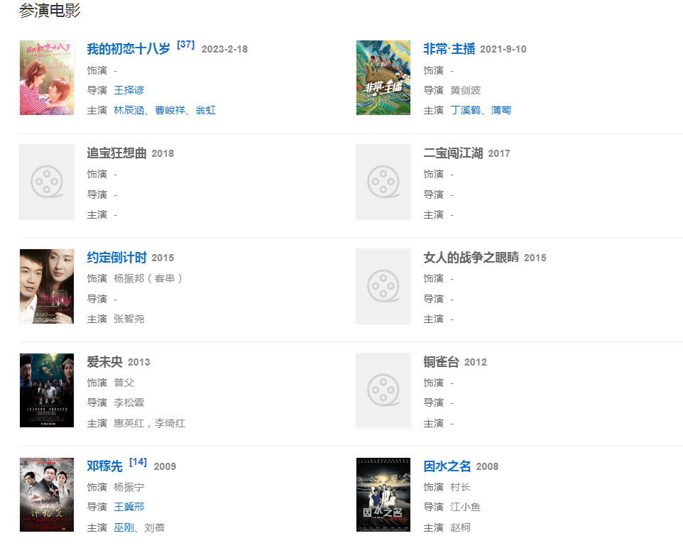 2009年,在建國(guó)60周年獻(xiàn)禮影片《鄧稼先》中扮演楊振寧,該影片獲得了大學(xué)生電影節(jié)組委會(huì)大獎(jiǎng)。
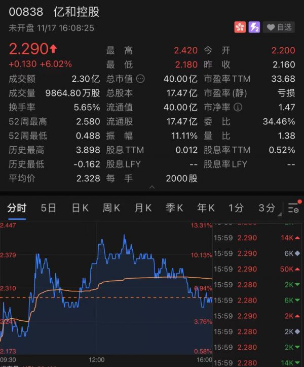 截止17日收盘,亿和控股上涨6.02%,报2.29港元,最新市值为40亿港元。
...
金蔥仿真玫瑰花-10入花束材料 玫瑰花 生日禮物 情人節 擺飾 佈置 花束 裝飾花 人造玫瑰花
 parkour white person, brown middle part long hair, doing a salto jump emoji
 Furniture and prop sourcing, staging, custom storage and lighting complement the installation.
* * *
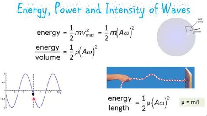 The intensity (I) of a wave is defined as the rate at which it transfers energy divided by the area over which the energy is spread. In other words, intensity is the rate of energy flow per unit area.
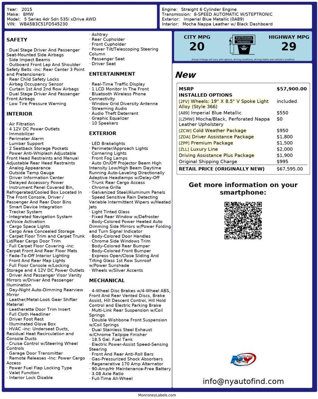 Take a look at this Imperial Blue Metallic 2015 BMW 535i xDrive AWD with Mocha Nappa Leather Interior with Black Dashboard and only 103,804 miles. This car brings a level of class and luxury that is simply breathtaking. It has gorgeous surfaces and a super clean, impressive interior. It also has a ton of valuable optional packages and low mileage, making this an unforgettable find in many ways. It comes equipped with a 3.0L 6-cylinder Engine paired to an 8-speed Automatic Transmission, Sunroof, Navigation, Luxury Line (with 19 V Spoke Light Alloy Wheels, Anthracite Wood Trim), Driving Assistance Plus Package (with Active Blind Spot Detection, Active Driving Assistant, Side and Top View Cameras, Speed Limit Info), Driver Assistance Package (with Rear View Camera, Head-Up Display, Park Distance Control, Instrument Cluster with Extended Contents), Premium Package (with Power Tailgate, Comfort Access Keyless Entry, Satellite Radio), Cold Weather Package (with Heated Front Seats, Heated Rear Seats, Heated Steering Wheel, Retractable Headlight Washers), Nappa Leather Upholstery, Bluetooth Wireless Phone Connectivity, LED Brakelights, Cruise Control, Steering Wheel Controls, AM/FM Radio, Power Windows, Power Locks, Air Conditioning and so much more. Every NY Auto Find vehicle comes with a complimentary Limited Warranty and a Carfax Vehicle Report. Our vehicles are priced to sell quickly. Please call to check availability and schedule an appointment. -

> [TASK GOAL] With the first line being the one containing "金蔥仿真玫瑰花-10入花束材料 玫瑰花 生日禮物" and the last line the one containing "Furniture and prop", transcribe exactly the lines above that fall in that range.

> [ANSWER TO THE EXERCISE]
金蔥仿真玫瑰花-10入花束材料 玫瑰花 生日禮物 情人節 擺飾 佈置 花束 裝飾花 人造玫瑰花
 parkour white person, brown middle part long hair, doing a salto jump emoji
 Furniture and prop sourcing, staging, custom storage and lighting complement the installation.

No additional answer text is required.